Artista do Boi Garantido revela segredos das alegorias de rituais indígenas com réplicas em miniatura

O projeto do artista plástico Marialvo Brandão foi contemplado na Lei Aldir Blanc e a exposição será realizada em Parintins

artista alegorias

Foto: Divulgação

As alegorias que desfilaram durante os rituais no Festival Folclórico de Parintins ganharam versões em miniatura tridimensional pelas mãos do artista plástico Marialvo Brandão. A curiosidade despertada nos espectadores pelas criaturas míticas no Bumbódromo levou o artista plástico a criar a exposição “Rituais Indígenas – Desvendando Segredos Alegóricos”, que fica aberta ao público no Liceu de Artes e Ofícios Claudio Santoro, em Parintins, das 8h às 11h e das 14h às 17h, a partir desta quinta-feira (16), e segue até o dia 25 de setembro.

Com 30 anos de experiência atuando no Boi Garantido, Marialvo chegou a conceber 24 alegorias em toda a sua carreira. Para a exposição, o artista criou réplicas fiéis em miniaturas das últimas dez alegorias que produziu. Todas participaram de encenações de rituais no festival. O projeto foi contemplado na Lei Aldir Blanc.
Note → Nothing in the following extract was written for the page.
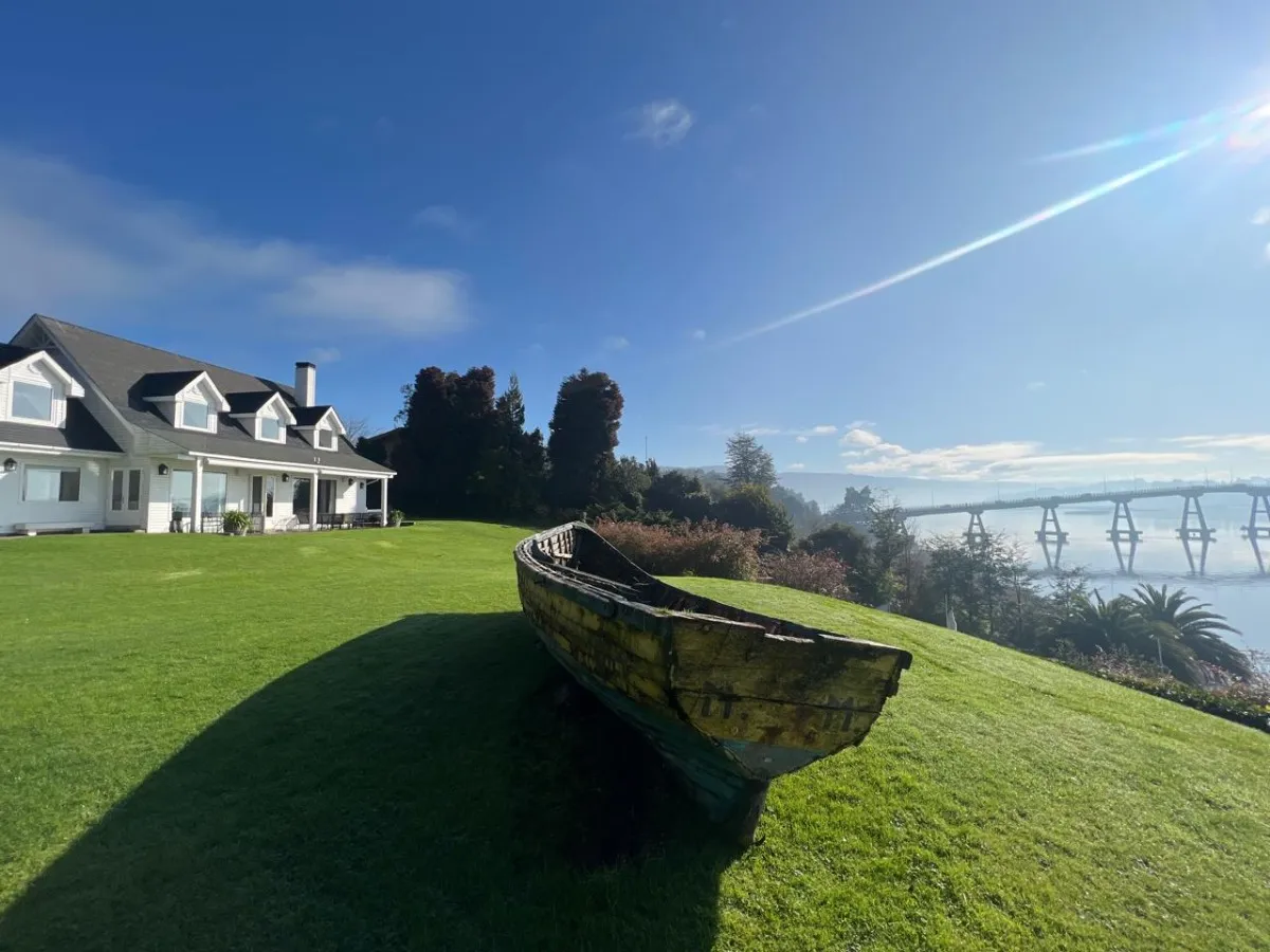 ['Casa emplazada en un espectacular terreno de 4.694 m², con acceso directo a un entorno natural privilegiado y vistas abiertas al Rio Valdivia y Puente Cruces, La propiedad ofrece una superficie total de 560 m² distribuidos en casa principal de dos niveles, casa cuidador, quincho, garaje, todo esto integrando ambientes que destacan por su relación con el paisaje exterior y las áreas verdes. \n\nEl diseño contempla un amplio living con ventanales que permiten apreciar completamente la vista al rio, dispone de comedor independiente con acceso directo al exterior y una cocina equipada que incluye muebles en tonos blancos, múltiples espacios de almacenaje y artefactos a la vista. \n\nLa casa cuenta con seis dormitorios, algunos de ellos con vistas directas al rio, además de cinco baños. En el exterior se encuentra una piscina de forma rectangular rodeada de un deck y jardinería con orientación hacia el rio. Existen además áreas habilitadas para actividades sociales, como una quincho techado con barra, parrilla y ventilador de techo.\n\nDestacan los accesos con portón automático y una zona de estacionamiento techado, complementando la funcionalidad del inmueble. La propiedad dispone de muelle propio y embarcadero cubierto, configurando un espacio apto tanto para actividades náuticas como el disfrute del entorno natural.']

“Além das alegorias em miniaturas, também mostrarei em oficinas, o processo de construção, dimensões, rascunhos, como fazer o corte do isopor, a forma de ampliar a estrutura de ferro e até mostrar as engrenagens que permitem o movimento delas”, detalha o artista.

Segundo o artista, todo o projeto foi motivado pelo interesse do público nas alegorias.
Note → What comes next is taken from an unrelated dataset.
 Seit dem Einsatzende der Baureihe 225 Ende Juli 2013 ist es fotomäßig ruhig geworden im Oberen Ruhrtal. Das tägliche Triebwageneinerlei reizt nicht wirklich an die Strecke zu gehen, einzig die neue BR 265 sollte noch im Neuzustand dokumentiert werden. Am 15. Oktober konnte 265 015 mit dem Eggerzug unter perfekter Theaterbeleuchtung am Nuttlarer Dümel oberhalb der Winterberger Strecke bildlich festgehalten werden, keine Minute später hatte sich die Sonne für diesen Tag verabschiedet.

“Pensei nesse projeto para matar a curiosidade do público que vem assistir aos festivais e fica encantando com as construções”, declara o artista plástico.

Alegoria

Entre as miniaturas que ficarão disponíveis ao público, Marialvo destaca a que representa o “Ritual Kawahiva”, que estreou no festival de 2019. Ela foi uma das maiores alegorias que o artista já criou. O ritual é da cosmologia Kawahiwa-Parintintin, onde índios caçadores da tribo são preparados, física e espiritualmente, pelo pajé antes das caçadas na floresta. A alegoria apresentava as criaturas Serpentum – o homem-cobra, e o Acangaçu – a onça preta dente-de-sabre, entre outras.
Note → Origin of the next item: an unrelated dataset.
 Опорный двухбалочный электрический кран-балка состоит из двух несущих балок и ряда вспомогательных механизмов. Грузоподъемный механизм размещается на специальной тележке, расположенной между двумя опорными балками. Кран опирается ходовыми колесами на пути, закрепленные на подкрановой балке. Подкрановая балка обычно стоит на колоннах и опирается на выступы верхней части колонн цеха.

“Esta é especial para mim, foi a última que eu fiz, em 2019, e foi a mais desafiadora, porque continha 34 esculturas, quase o dobro das últimas nove alegorias que fiz, foi uma das maiores que já desfilou no festival, com 23 metros. A equipe não mediu esforços para concluí-la”, explicou.

Equipe

Além de Marialvo, outros 25 artistas, entre escultores, soldadores, pintores e aderecistas, foram beneficiados com o projeto.

“São artistas renomados que trabalharam comigo no Festival Folclórico nesses 30 anos, e também no eixo Rio-São Paulo. Eles pararam suas atividades por conta da pandemia, e eu fico feliz que pude ajudá-los nesse projeto”, contou. “Outra recompensa que tive foi ter materializado esses últimos dez anos de trabalho, porque é a minha história. Queria fazer algo que ficasse”, declarou.